* **Problem to work on**:
Go through the data below and transcribe it exactly. Omit the images.

* **Supplied material**:
==============================

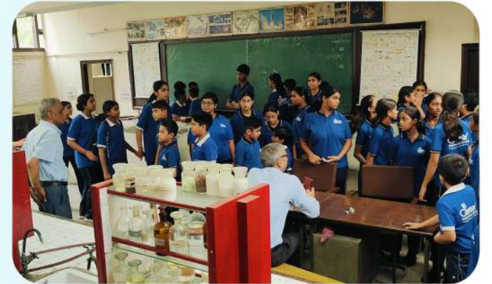
VISIT TO MOTILAL NEHRU SCHOOL OF SPORTS, SONIPAT (05 AUG 2025)
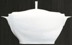
Soup Tureen 4629 Av. Volume 3430 ml Av. Weight 1232 g
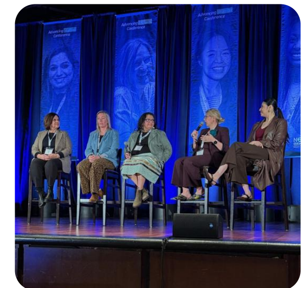
Entrepreneurial Support & Pathfinding
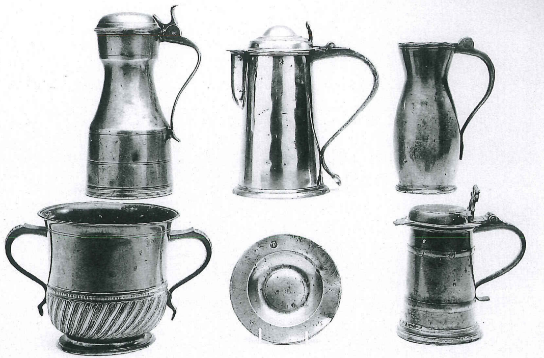
Lots 807, 808, 809, 810, 811 and 812

==============================

* **Exercise output**:
VISIT TO MOTILAL NEHRU SCHOOL OF SPORTS, SONIPAT (05 AUG 2025)
Soup Tureen 4629 Av. Volume 3430 ml Av. Weight 1232 g
Entrepreneurial Support & Pathfinding
Lots 807, 808, 809, 810, 811 and 812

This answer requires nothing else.